SAN JOSE, Calif. Taiwan Semiconductor Manufacturing Co. Ltd. (TSMC) on Tuesday (April 22) disclosed it is pursuing a new and emerging technology called immersion lithography for advanced chip production at the 65-nm node or beyond.
The Taiwanese foundry giant is reportedly working on the technology with its sole lithography-tool supplier, ASML Holding NV of the Netherlands, according to industry observers.
In immersion lithography, the space between the projection lens of a lithography tool and the wafer is filled with a liquid. Immersion technology could offer better resolution enhancement and higher numerical apertures over conventional projection lithography.
Immersion lithography is only in the R&D stage today, but the technology is fast becoming a next-generation lithography (NGL)candidate for the production of 65-nm devices and below. If (and that's a big if) immersion proves viable, chip makers will most likely deploy 193-nm tools with this technology at the 45-nm node, thereby pushing out 157-nm scanners and extreme ultraviolet (EUV) machines.
"We are pushing immersion lithography," declared Rick Tsai, president of TSMC. "TSMC is the first semiconductor company that will drive immersion lithography," Tsai said during a keynote address at the TSMC 2003 Technology Symposium here.
TSMC is reportedly looking to sustain 132-nm wavelengths with 193-nm immersion tools, which could substantially reduce the cost of advanced chip production, according to analysts.
Originally, the company planned to use 193-nm tools at the 90-nm node, 157-nm scanners at the 65-nm node, and EUV and other NGL technologies at the 45-nm node and beyond. Delays with 157-nm technologies have prompted chip makers to seek other solutions, including immersion.
However, the market is split over the use of this technology. For example, Intel Corp. has dismissed immersion, and, instead, is pushing EUV for NGL applications. Still others, including IBM Corp., are taking a wait-and-see approach to the technology.
The tool makers are hedging their bets, however. ASML, Canon, and Nikon are all separately pursing or investigating immersion lithography. In fact, ASML is working on the technology with Rochester Institute of Technology (RIT) (see Feb. 27 story ).
Genda Hu, vice president of marketing for TSMC, did not say whether or not the company is working with ASML or RIT to help fund the development of immersion lithography.

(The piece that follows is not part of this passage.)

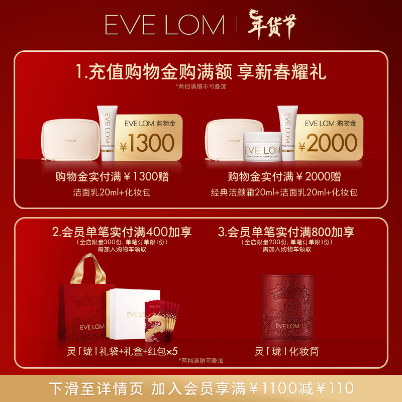 EVE LOM伊芙珑肖战推荐经典洁颜霜卸妆膏200ml 保湿洁面易乳化 生日礼物价格:1280.00元!

But the technology is critical, Hu said. "The 157-nm tools appear to be late in production," he said. Analysts noted that 157-nm tools were originally geared for the 65-nm node, but the technology has been pushed out due to technical problems.
In an interview with SBN, Hu dropped hints that TSMC would use existing 193-nm tools for the 65-nm node, with immersion possibly entering the picture at the tail end of that process or the 45-nm node.
TSMC is reportedly working closely with ASML and International Sematech on immersion. Chip-making consortium Sematech is in the midst of a feasibility study for immersion lithography. A spokesman for the Austin, Texas-based consortium said the results of the study would be released in July.